What has changed is the work itself. Finance has grown more tightly coupled to real-time operations: shorter reporting cycles, tighter cash visibility windows, forecasting that feeds decisions rather than simply recording them. In that environment, a twelve-hour lag means an error in overnight consolidation propagates into the liquidity position and the management accounts before Bengaluru has started its day. The workarounds (extra management layers, early-morning bridging calls, extended timelines) are expensive remedies for a problem that is, at root, geographic.

A 2022 Deloitte survey of CFOs at European mid-market firms ranked responsiveness of outsourced teams as the second-highest source of dissatisfaction with offshore arrangements, behind only staff turnover. The two problems reinforce each other. A team that is both frequently replaced and twelve hours away will, structurally, always be slower than one that shares your working day.

 

Why firms stay anyway

Outsourcing decisions, once made, are rarely revisited honestly. The cost of switching (migrating processes, retraining teams, absorbing the transitional dip) is concrete and immediate. The cost of staying is diffuse, cumulative, and easy to discount. Finance leaders renew legacy engagements because switching feels riskier than staying, even when nobody has formally concluded the existing model is still the best option.

A serious total-cost-of-ownership analysis tends to disturb that comfort. The visible costs (invoiced fees, management salaries) are weighed against the risks of change, while the invisible costs (attrition, replacement training, timezone-driven rework, and wage inflation running above contracted rates) stay off the ledger. When those costs are finally assembled, the model that looked cheap in 2005 and defensible in 2015 often looks like something else.

 

Where the original conditions still hold

Ledgeris operates in Nigeria, so we should be plain about our position. But the argument does not depend on taking our word for it.

Nigeria sits at UTC+1. For a finance team in London, that is a one-hour difference, close enough to share a full working day. The twelve-hour lag that defines the Bengaluru model does not apply, and neither do the workaround costs that come with it.

The professional infrastructure is more developed than most European finance leaders assume. The Institute of Chartered Accountants of Nigeria has over 63,000 members and models its qualification framework on British chartered accountancy institutes. Its credentials carry reciprocal recognition with ICAEW in the UK and CPA Ontario in Canada. Nigeria has more than 53 million people aged 18 to 35, English is the language of business and professional education, and the country's BPO sector is the second largest on the continent.

On cost, the gap with India is substantial. Labour costs across African outsourcing destinations run up to 80 per cent below US and European levels, and Nigeria's labour market has not yet been through the wage escalation cycle that eroded India's original advantage. The savings on offer today are not already being consumed by the increases of the next contract cycle.
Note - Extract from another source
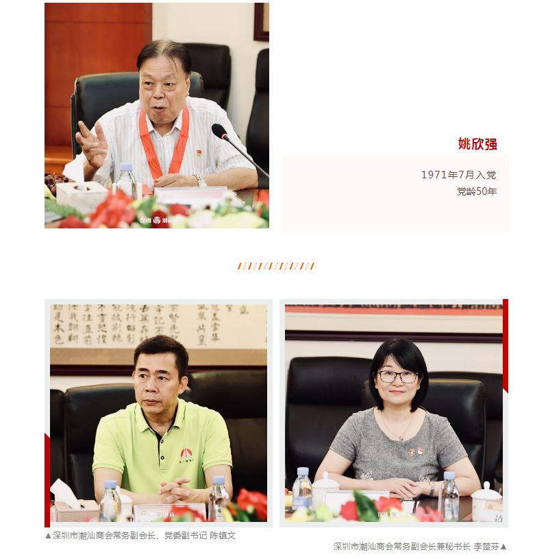 郑汉明会长代表商会向各位老党员致以节日问候,并向5名纪念章的获得者表示诚挚祝贺和崇高的敬意。他表示,商会健康有序、创新发展离不开党委的政治引领,商会从创会伊始就启动党建工作,从最初的8人党员支部发展至目前有400余名党员的一级党委,并于建党100周年此重要历史节点,荣评全国工商联党建示范单位,这离不开大家的努力及无私奉献。5名老党员都是峥嵘岁月的亲历者、艰苦奋斗的参与者、繁荣昌盛的建设者,个个从“青丝少年”到“银丝长者”,见证了我们伟大祖国从站起来、富起来到强起来的伟大飞跃。我们要感恩党,感恩这个时代,要加强党建与会建有机融合,以优异的成绩迎接党的100周岁生日。

Nigeria carries its own risks, and any honest assessment must account for them. Infrastructure remains uneven: power supply, internet reliability, and logistics in certain regions all require workarounds that a Bengaluru operation can take for granted. These are real constraints, concentrated in particular geographies and improving year on year, but they are real. The question facing a finance leader is whether the total cost of a Nigerian engagement, including its frictions, compares favourably against the total cost of the Bengaluru model, including the frictions that two decades of cost escalation have piled onto it.

 

The arithmetic

The discomfort of transition is real but finite. A well-managed handover, with defined milestones and phased migration, typically reaches full productivity within six months. The accumulated costs of the legacy model accrue every month, with no endpoint in sight.

The default still works. Whether it still works well enough to justify what it costs is the question that a genuine total-cost analysis will force into the open, and one that fewer finance leaders are finding comfortable to leave unasked.